_What is expected:_ Below is a listing. Set down exactly the lines from the one containing "Define seating areas" through the one containing "Words can be", both ends included, and leave out the rest.

_Records:_
···

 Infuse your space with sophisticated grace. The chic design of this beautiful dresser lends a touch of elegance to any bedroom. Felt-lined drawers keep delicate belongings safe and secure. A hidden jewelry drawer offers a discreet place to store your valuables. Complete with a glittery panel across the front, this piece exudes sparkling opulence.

···

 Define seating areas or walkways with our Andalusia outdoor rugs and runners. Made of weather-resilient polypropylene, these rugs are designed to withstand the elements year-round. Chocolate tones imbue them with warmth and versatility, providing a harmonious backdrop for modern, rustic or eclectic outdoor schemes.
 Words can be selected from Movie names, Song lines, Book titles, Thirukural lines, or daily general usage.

···

_Your response:_
 Define seating areas or walkways with our Andalusia outdoor rugs and runners. Made of weather-resilient polypropylene, these rugs are designed to withstand the elements year-round. Chocolate tones imbue them with warmth and versatility, providing a harmonious backdrop for modern, rustic or eclectic outdoor schemes.
 Words can be selected from Movie names, Song lines, Book titles, Thirukural lines, or daily general usage.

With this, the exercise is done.